Together with the Labor historian Denis Murphy, Peter Beattie and others, he formed a “Centre” faction to draw in residual supporters, who would want both a modernisation of Labor and also of Queensland under the continuing rule of Joh Bjelke Petersen.
Once again, a quarter century after he set out to broker deals over the “split”, Cross became the negotiator called on to set up agreements and cajole the “Old Guard” of his party to give ground. He had some stories about visiting the party headquarters building at Breakfast Creek, to see them about handing over the premises.
After federal intervention in the State branch of the party, the system of internal voting was liberalised enough for the reform group to dominate, for a sufficient time to reverse Labor’s poor standing in State polls.
HONOURS AND FAMILY
Manfred Cross is often remembered as a Christian, with background in the Anglican Church, and also a bibliophile — a man with an urge to note just about every serious new book published and maybe add it to his large personal library. He would handle the volume of words by scrutinising the reviews, then delve into a book that particularly interested him. He was a Fellow of the Historical Society of Queensland, writing several articles for the society’s Bulletin, and followed a similar strong interest in geography.

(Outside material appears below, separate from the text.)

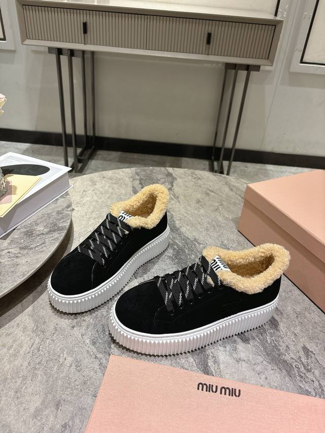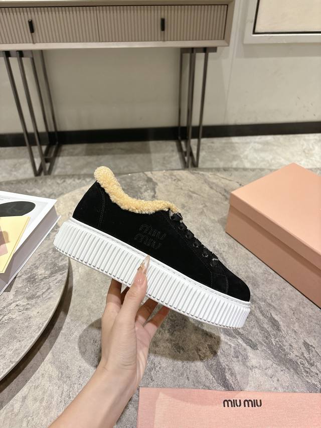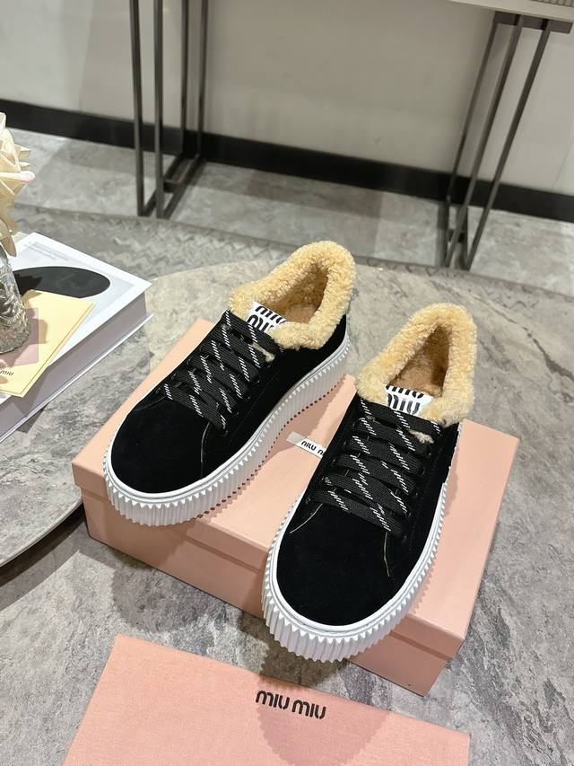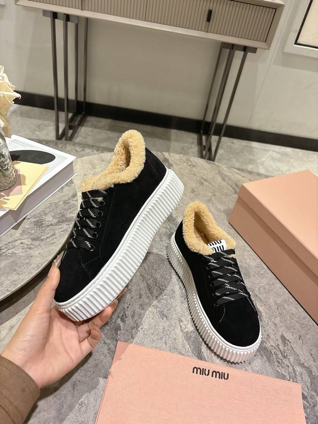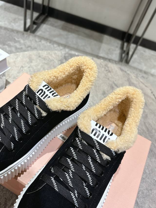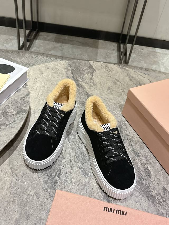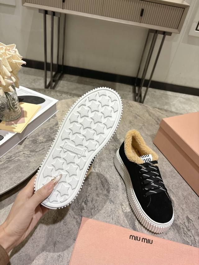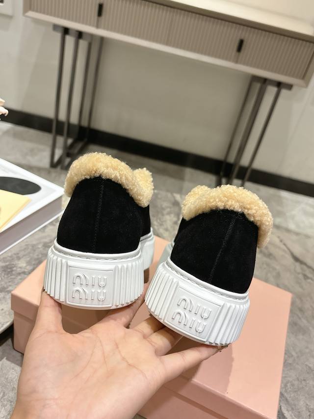Miumiu 2025秋冬新款 羊毛厚底饼干鞋 冬季经典升级加羊毛 增高4厘米的同时,既有饼干鞋的秀气轻盈,又有毛毛质感的可爱和保暖性可谓是时尚与实用并存了~

Manfred Cross was a model parliamentarian in the way he would study any issue that he approached. He was a kindly mentor, advisor and active helper to many entering the political game.
He towered above the great majority of his colleagues in Canberra, where his honesty and dignity surpassed the go-getter greed, cynicism and bullying that makes up too much of the culture of that place. Although, he had respectful relationships with fellow politicians, loved the parliament and generally would not himself hear anything against it. In 1992 he was honoured as a Member of the Order of Australia for services to the parliament and community.

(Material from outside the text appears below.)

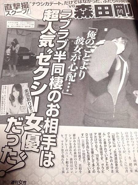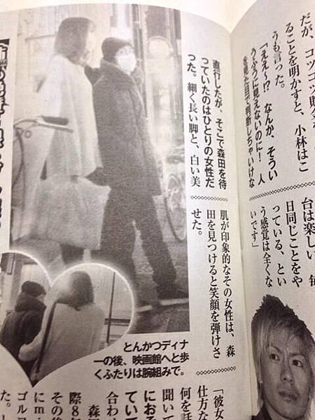今年四月才傳出的與E奶AV女優美雪愛麗絲甜蜜半同居,當時森田剛帶著美雪愛麗絲出門遛狗,返家時剛好被媒體跟拍,當時他阻擋鏡頭拍攝,為掩護女友離開,還主動停下受訪說:

From the late 1960s he had a strong partner in his wife Barbara, a person also with a history of Labor activism, whom he both cherished as a friend and saluted as an ideal “political wife”. Mrs Cross had stories of her own, opening a window on the life of politics.

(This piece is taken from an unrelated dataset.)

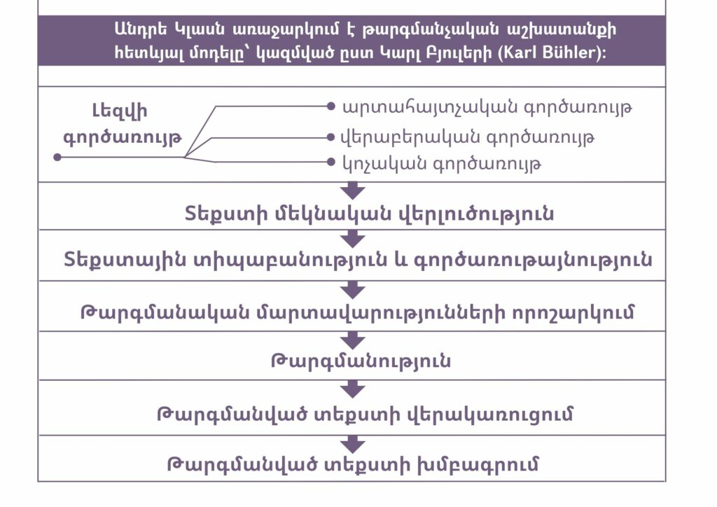 Անդրե Կլասն առաջարկում է թարգմանչական աշխատանքի հետևյալ մոդելը՝ կազմված ըստ Կարլ Բյուլերի (Karl Bühler), որի միջոցով կփորձենք վեր հանել խնդրո առարկա թարգմանության գործընթացի հետ կապված որոշ կետեր։

She remembered the State Parliament House garden party after the break-through election of the Goss government in 1989, noting the arrangement whereby Government invitees got the shady side of the lawn and Opposition ones got the hot sun — tickled that they had swapped over and she was enjoying the cool shadows. The couple set out some time ahead of the later wave of “grey nomads” into the interior, driving off in their 4WD on bird-watching expeditions.
Manfred Cross who died in Brisbane is survived by his wife, son Ashley and daughter Tanya, and their families.
Manfred Cross AM 12.8.29 – 30.1.24
Amongst Dr Lee Duffield’s vast journalistic experience, he has served as ABC's European correspondent. He is also an esteemed academic and member of the editorial advisory board of Pacific Journalism Review.